Single by Alice Glass
- Released: 17 July 2015
- Genre: Electropunk; industrial;
- Length: 2:47
- Songwriters: Alice Glass; Jupiter Keyes;
- Producers: Jupiter Keyes; Lars Stalfors;

Alice Glass singles chronology
|  | "Stillbirth" (2015) | "Without Love" (2017) |

= Stillbirth (song) =

"Stillbirth" is the debut solo single by Canadian singer-songwriter Alice Glass, released on 17 July 2015. It is Glass' first release since her departure from Crystal Castles in 2014.
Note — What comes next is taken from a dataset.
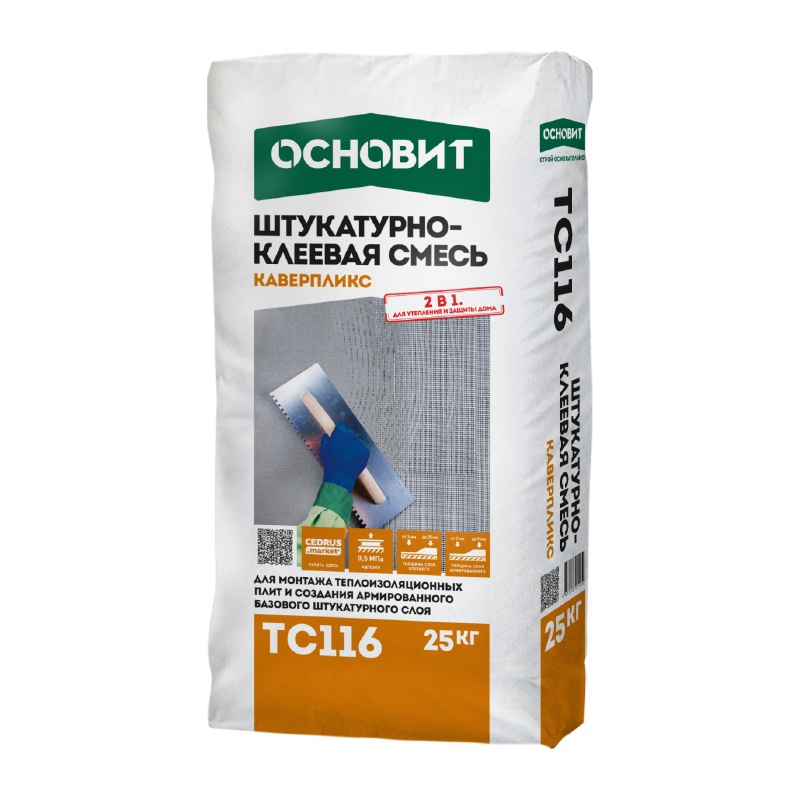 Штукатурно-клеевая смесь Основит Каверпликс ТС116, 25 кг

==Background and release==
On 8 October 2014, Glass announced her departure from Crystal Castles for professional and personal reasons. In the announcement, she noted that working within the band compromised her efforts towards "sincerity, honesty, and empathy for others". Following her departure, she embarked on a solo career. She made her debut with "Stillbirth" on 15 July 2015 with no label involved. All proceeds from the song's sales benefit organizations (such as RAINN) that help survivors of domestic abuse, sexual violence, and incest. The lyrics were written by Glass with the music being composed by Glass and Jupiter Keyes in their basement.

==Critical reception==
Noisey called "Stillbirth" "the most powerful track of [Glass'] musical career to date," elaborating: "it's a thunderous and beautiful assault on the senses that brings the best of the two songwriters together. With a clear refrain of "I want to start again" cutting straight through a sonic electrical storm, Glass is very much alive - and her voice has never sounded better." Dazed said the track is "an explosive, punch-to-the-gut sort of song where she screamed, "I've been waiting for you to die" over dystopic, stabbing synths," later noting: "It's not just the relentless, buzz wire synths, icy wall of distortion and screaming vocals that makes "Stillbirth" a stand-out, but the powerful statement that she posted alongside it." Laura Snapes of Pitchfork compared the song to "On Sight" from Kanye West's Yeezus, saying that they both feature "dystopian piledriver synths and unflinching statement of presence in the face of systematic oppression."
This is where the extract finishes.